#### Directions
Please reproduce the whole listing without altering anything.

#### Data under study
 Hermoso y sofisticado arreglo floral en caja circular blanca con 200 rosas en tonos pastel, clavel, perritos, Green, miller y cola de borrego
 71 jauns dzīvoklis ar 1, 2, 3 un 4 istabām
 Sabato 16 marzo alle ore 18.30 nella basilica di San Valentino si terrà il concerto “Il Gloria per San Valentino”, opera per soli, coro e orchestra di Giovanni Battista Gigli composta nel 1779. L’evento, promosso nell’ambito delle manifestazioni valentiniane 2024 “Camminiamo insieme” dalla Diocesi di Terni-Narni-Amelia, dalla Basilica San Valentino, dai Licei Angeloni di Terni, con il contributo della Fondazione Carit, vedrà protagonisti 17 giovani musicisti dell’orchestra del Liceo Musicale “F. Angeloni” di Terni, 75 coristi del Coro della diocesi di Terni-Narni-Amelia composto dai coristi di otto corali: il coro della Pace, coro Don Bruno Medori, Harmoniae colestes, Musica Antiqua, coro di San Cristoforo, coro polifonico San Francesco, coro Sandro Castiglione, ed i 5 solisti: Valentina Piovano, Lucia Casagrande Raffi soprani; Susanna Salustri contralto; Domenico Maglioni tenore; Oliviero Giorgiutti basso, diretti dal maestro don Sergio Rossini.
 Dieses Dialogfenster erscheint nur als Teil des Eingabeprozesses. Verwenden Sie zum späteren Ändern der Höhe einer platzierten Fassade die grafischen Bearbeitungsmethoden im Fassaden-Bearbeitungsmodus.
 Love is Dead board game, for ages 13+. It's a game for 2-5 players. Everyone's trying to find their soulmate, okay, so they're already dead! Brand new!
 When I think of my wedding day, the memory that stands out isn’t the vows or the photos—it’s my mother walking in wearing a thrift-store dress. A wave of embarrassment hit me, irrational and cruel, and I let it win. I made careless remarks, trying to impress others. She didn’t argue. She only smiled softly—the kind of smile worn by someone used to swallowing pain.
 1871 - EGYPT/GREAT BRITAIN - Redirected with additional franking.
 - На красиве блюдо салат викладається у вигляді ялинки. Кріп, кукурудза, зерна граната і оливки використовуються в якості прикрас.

#### Answer section
 Hermoso y sofisticado arreglo floral en caja circular blanca con 200 rosas en tonos pastel, clavel, perritos, Green, miller y cola de borrego
 71 jauns dzīvoklis ar 1, 2, 3 un 4 istabām
 Sabato 16 marzo alle ore 18.30 nella basilica di San Valentino si terrà il concerto “Il Gloria per San Valentino”, opera per soli, coro e orchestra di Giovanni Battista Gigli composta nel 1779. L’evento, promosso nell’ambito delle manifestazioni valentiniane 2024 “Camminiamo insieme” dalla Diocesi di Terni-Narni-Amelia, dalla Basilica San Valentino, dai Licei Angeloni di Terni, con il contributo della Fondazione Carit, vedrà protagonisti 17 giovani musicisti dell’orchestra del Liceo Musicale “F. Angeloni” di Terni, 75 coristi del Coro della diocesi di Terni-Narni-Amelia composto dai coristi di otto corali: il coro della Pace, coro Don Bruno Medori, Harmoniae colestes, Musica Antiqua, coro di San Cristoforo, coro polifonico San Francesco, coro Sandro Castiglione, ed i 5 solisti: Valentina Piovano, Lucia Casagrande Raffi soprani; Susanna Salustri contralto; Domenico Maglioni tenore; Oliviero Giorgiutti basso, diretti dal maestro don Sergio Rossini.
 Dieses Dialogfenster erscheint nur als Teil des Eingabeprozesses. Verwenden Sie zum späteren Ändern der Höhe einer platzierten Fassade die grafischen Bearbeitungsmethoden im Fassaden-Bearbeitungsmodus.
 Love is Dead board game, for ages 13+. It's a game for 2-5 players. Everyone's trying to find their soulmate, okay, so they're already dead! Brand new!
 When I think of my wedding day, the memory that stands out isn’t the vows or the photos—it’s my mother walking in wearing a thrift-store dress. A wave of embarrassment hit me, irrational and cruel, and I let it win. I made careless remarks, trying to impress others. She didn’t argue. She only smiled softly—the kind of smile worn by someone used to swallowing pain.
 1871 - EGYPT/GREAT BRITAIN - Redirected with additional franking.
 - На красиве блюдо салат викладається у вигляді ялинки. Кріп, кукурудза, зерна граната і оливки використовуються в якості прикрас.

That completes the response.